> [The problem]
Return the listing verbatim, images left out.

> [Data supplied]
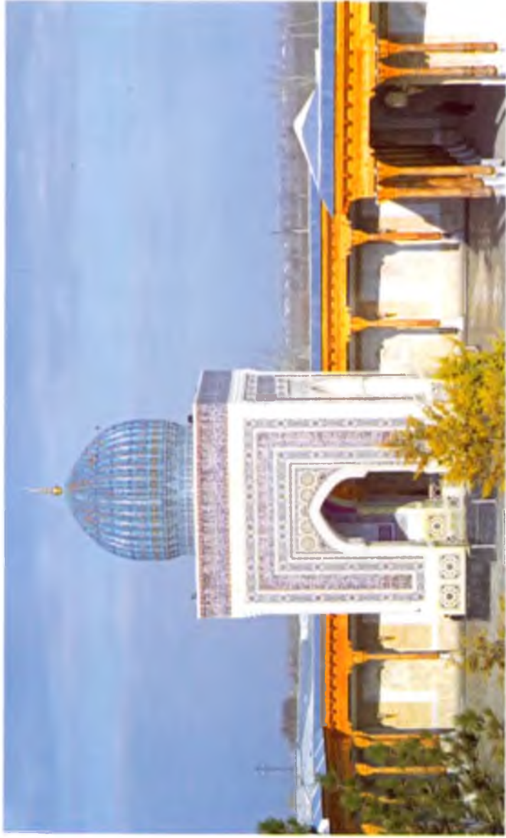
Самарқанд. Имом Бухорий ёдгорлик мажмуаси
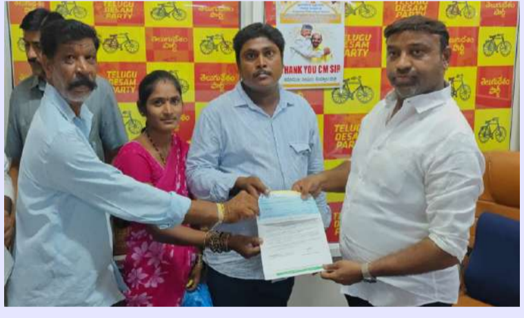
పల్లె వెలుగు సంద్యాల జిల్లా బ్యూరో.
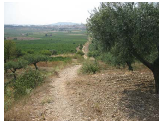
Tram 1. Perspectiva.
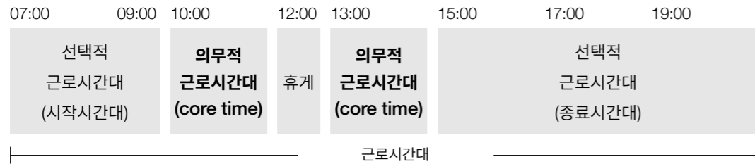
그림2 부분선택적 근로시간제 예시

부분선택적 근로시간제의 경우 의무근로시간대를 너무 길게 설정하면, 근로자의 선택의 폭이 없어져버리기 때문에 선택적 근로시간제로 볼 수 없게 됩니다. 또한 선택적 근로시간제를 시행한다 하더라도 야간근로나 휴일근로에 대해서는 가산수당을 지급해야 하므로, 일부 회사에서는 22시부터 06시까지를 금지근로시간대로 설정하기도 합니다.
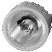
Reflektor til diode. Reflektor till diod.
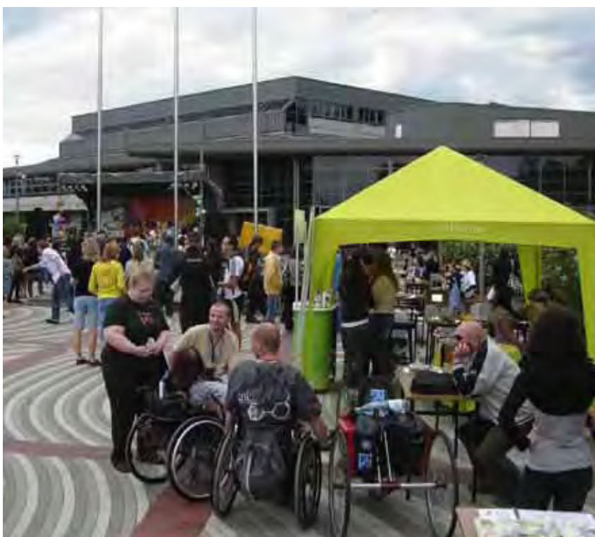
Targi Aktywizacji Zawodowej Osób Niepełnosprawnych
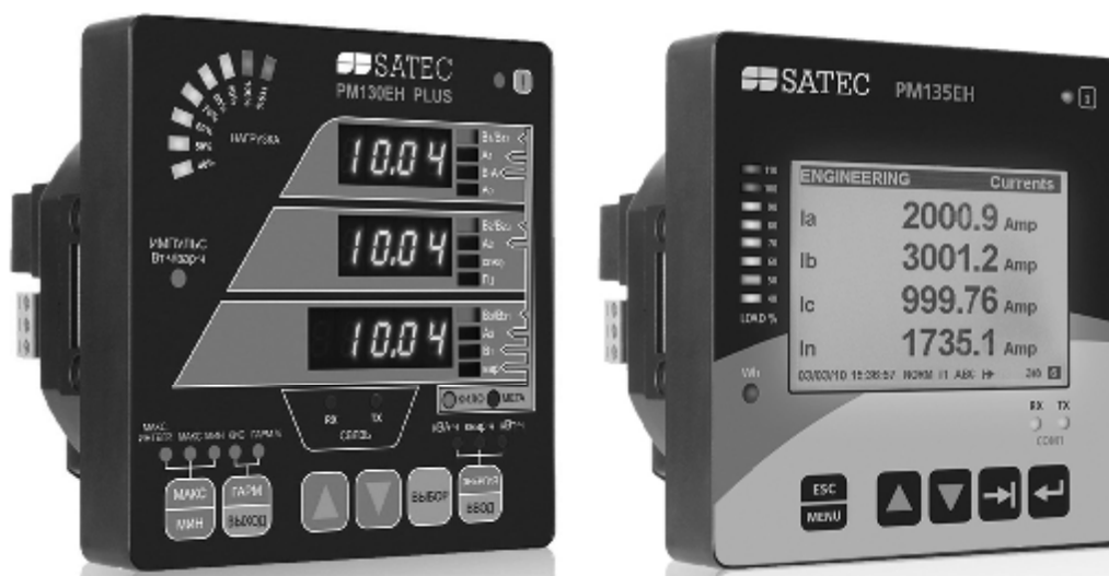
Рисунок 1 - Внешний вид измерителей модификаций PM130EH Plus и PM135EH

Конструктивно измерители выполнены в ударопрочном пылезащитном корпусе и представляют собой цифровые приборы, внешний вид которых представлен на рисунке 1.
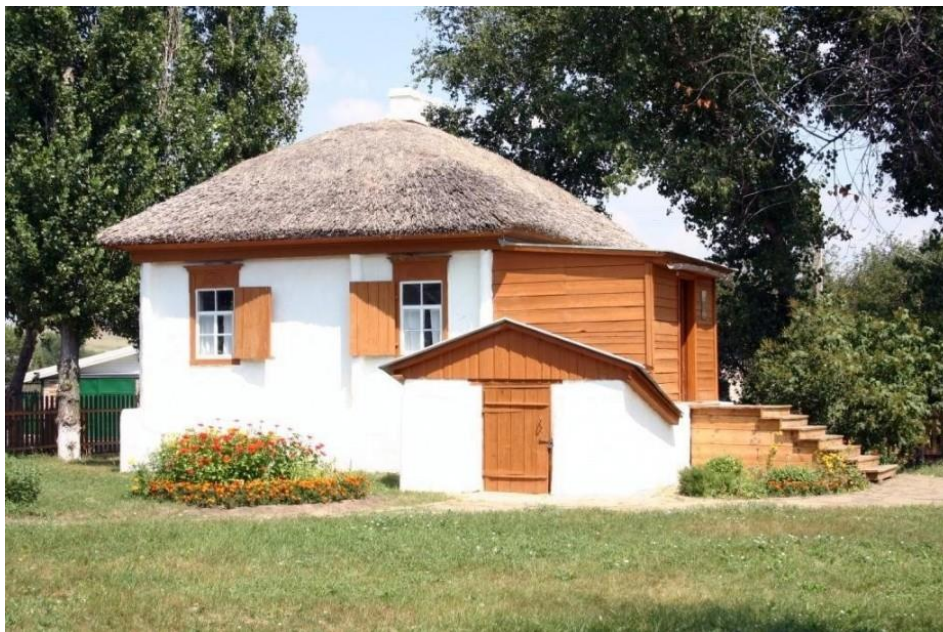
Дом, в котором родился Михаил Шолохов

Богучар. Приехав в Москву для продолжения образования и не поступив, вынужден был сменить множество рабочих специальностей, чтобы прокормиться. В тоже время в жизни Михаила Шолохова всегда находилось время для самообразования.
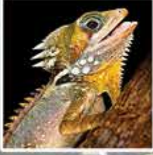
ボイドレイ フォレストドラゴン 木の上に住むトカゲでオーストラリア北部の熱帯雨林にだけ生息しています。
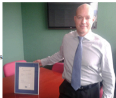
El certificado refuerza la posición de operador de confianza de la compañía

SLP es un operador integral de la cadena logística del transporte marítimo y dispone de dos concesiones en el puerto de Bilbao. La más reciente, que data de diciembre de 2011 y está ubicada en el Muelle AZ-2, cuenta con una superficie de 30.000 metros cuadrados, 9.000 metros cuadrados de zona de maniobra, 300 metros de línea de atraque y 20 metros de calado. A estas infraestructuras hay que sumar las del Muelle Adosado: 42.000 metros cuadrados de superficie, tres almacenes (de 7.000, 6.000 y 4.850 metros cuadrados), gran cantidad de equipos (grúas móviles, palas cargadoras, retrogrúas y retropalas, tolvas y cintas transportadoras).
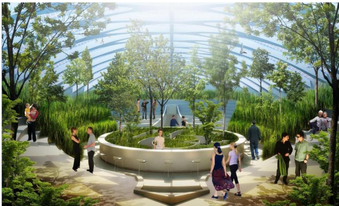
Slika 10. Prikaz unutrašnjosti Zračnog vrta
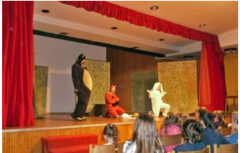
Jelenet az előadásból
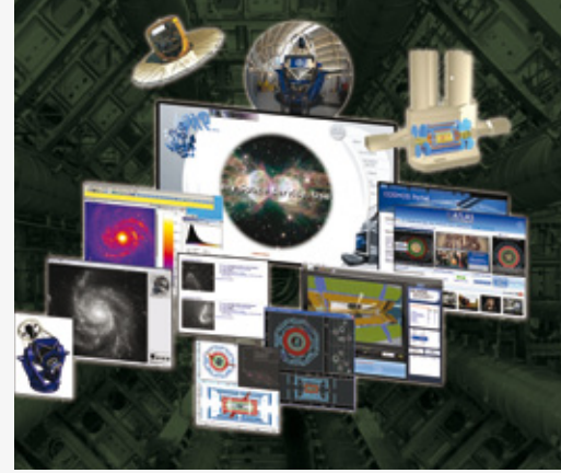
Das EU-Projekt „Discover the Cosmos“ macht moderne Forschung in Teilchenphysik und Astronomie weltweit zugänglich.

www.discoverthecosmos.eu Michael Rockstroh

> [Problem solution]
Самарқанд. Имом Бухорий ёдгорлик мажмуаси
పల్లె వెలుగు సంద్యాల జిల్లా బ్యూరో.
Tram 1. Perspectiva.
그림2 부분선택적 근로시간제 예시

부분선택적 근로시간제의 경우 의무근로시간대를 너무 길게 설정하면, 근로자의 선택의 폭이 없어져버리기 때문에 선택적 근로시간제로 볼 수 없게 됩니다. 또한 선택적 근로시간제를 시행한다 하더라도 야간근로나 휴일근로에 대해서는 가산수당을 지급해야 하므로, 일부 회사에서는 22시부터 06시까지를 금지근로시간대로 설정하기도 합니다.
Reflektor til diode. Reflektor till diod.
Targi Aktywizacji Zawodowej Osób Niepełnosprawnych
Рисунок 1 - Внешний вид измерителей модификаций PM130EH Plus и PM135EH

Конструктивно измерители выполнены в ударопрочном пылезащитном корпусе и представляют собой цифровые приборы, внешний вид которых представлен на рисунке 1.
Дом, в котором родился Михаил Шолохов

Богучар. Приехав в Москву для продолжения образования и не поступив, вынужден был сменить множество рабочих специальностей, чтобы прокормиться. В тоже время в жизни Михаила Шолохова всегда находилось время для самообразования.
ボイドレイ フォレストドラゴン 木の上に住むトカゲでオーストラリア北部の熱帯雨林にだけ生息しています。
El certificado refuerza la posición de operador de confianza de la compañía

SLP es un operador integral de la cadena logística del transporte marítimo y dispone de dos concesiones en el puerto de Bilbao. La más reciente, que data de diciembre de 2011 y está ubicada en el Muelle AZ-2, cuenta con una superficie de 30.000 metros cuadrados, 9.000 metros cuadrados de zona de maniobra, 300 metros de línea de atraque y 20 metros de calado. A estas infraestructuras hay que sumar las del Muelle Adosado: 42.000 metros cuadrados de superficie, tres almacenes (de 7.000, 6.000 y 4.850 metros cuadrados), gran cantidad de equipos (grúas móviles, palas cargadoras, retrogrúas y retropalas, tolvas y cintas transportadoras).
Slika 10. Prikaz unutrašnjosti Zračnog vrta
Jelenet az előadásból
Das EU-Projekt „Discover the Cosmos“ macht moderne Forschung in Teilchenphysik und Astronomie weltweit zugänglich.

www.discoverthecosmos.eu Michael Rockstroh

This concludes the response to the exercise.